From now on, the cabinet should be equipped with silencers, says Scholz in Meseberg. So that the “many, important” decisions and results are not lost because people worked on them “too loudly”. Maybe he needs to explain this to Christian Lindner in more detail, as he also switches into attack mode at the slightest provocation in Meseberg. When a reporter asks, for example, how the Chancellor will deal with objections from the FDP parliamentary group to the government’s legislative initiatives, Lindner interjects: “Sorry, your question seems a bit monotonous to me.”

5. This government is far from finished

With all the confusion, the bad polls and the grumpiness of some ministers, one sometimes gets the impression that this government may soon come to an end. What you sometimes forget is that things can go on with her for a long time. The traffic lights now start the second half of the season, if you will. She still has two years until the next federal government. “We are probably done with the most complicated projects now,” said Wolfgang Schmid, the head of the Chancellery star said. In other words, everything will be easier from now on.
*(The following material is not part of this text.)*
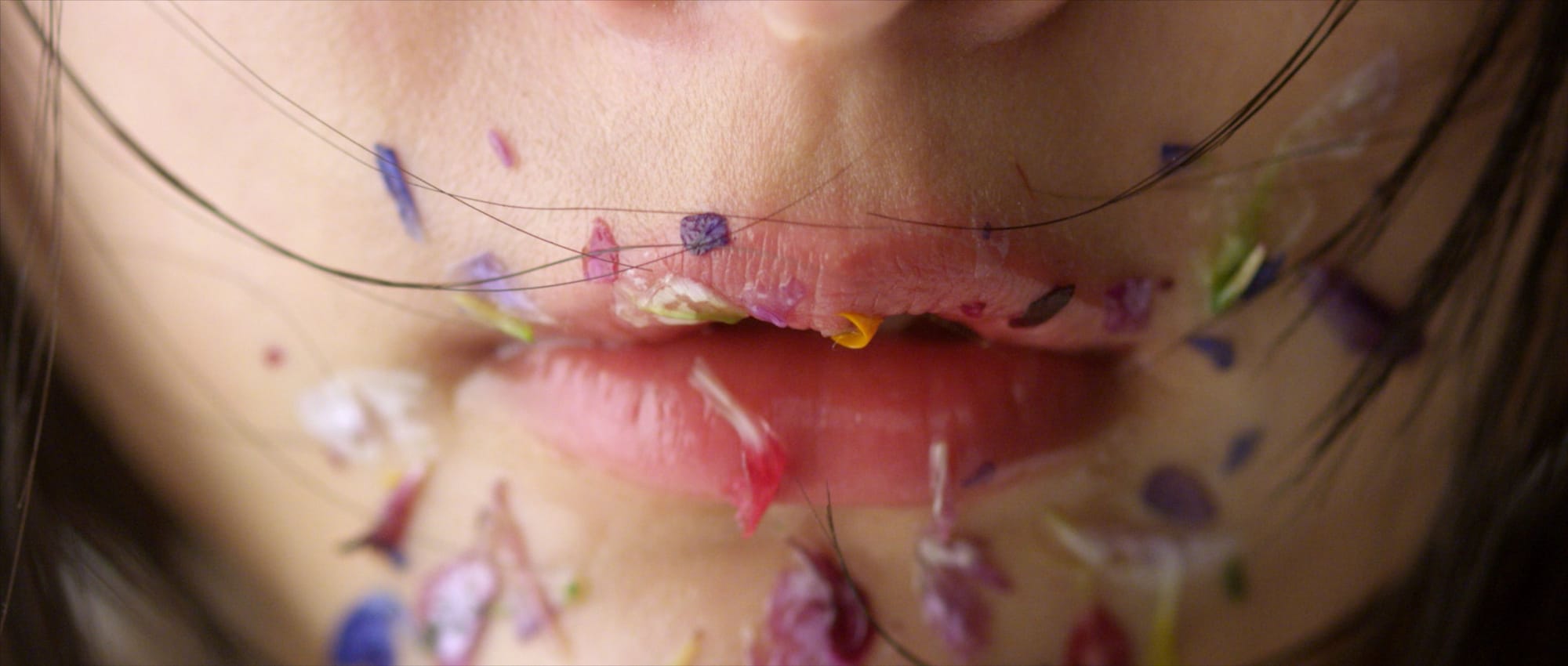 In Hottamaru Days, nymph-like spirits collect hair, skin, and nails, which they then transform into effigies. Eschewing narrative, the film instead follows the direction of the song and movement. Another highlight of the program was Yoshigai’s newest film, Grand Bouquet, starring emerging actress Hanna Chan. The film takes place in a liminal white space, where the isolated Chan vomits flowers, which then overtake the purgatorial environment. The flowers, coated in thick slime, are as ominous as they are beautiful, the contrast a striking symbol for the decaying Earth and our role in it. Rather than presenting the interconnectedness of life as sanitized and magical, Yoshigai interweaves an element of violence, as our relationship with our planet requires sacrifice to maintain balance.

This is of course a very benevolent view. The conflict over the industrial electricity price does not take place in this scenario, nor do unforeseeable geopolitical developments or economic catastrophes. But what makes the Chancellor’s team so confident is the following calculation: everything is rearranged in election campaigns. The opposition is far from organized. And anyone who complains about the government these days may be asking themselves shortly before the election who they would actually rather be governed by. Scholz will use his experience – at least those around the Chancellor are firmly convinced of that.

Everything that seems like a weakness at the moment should then be a strength: the Chancellor’s long-windedness could then have a calming effect, and his indecision could have a calming effect. By the way: The FDP and the Greens should also have an interest in things going a little quieter from now on. Anyone who constantly talks about their own government in a bad mood is unattractive. The SPD experienced this for years in the grand coalition. Scholz drove it out of his party as a candidate for chancellor.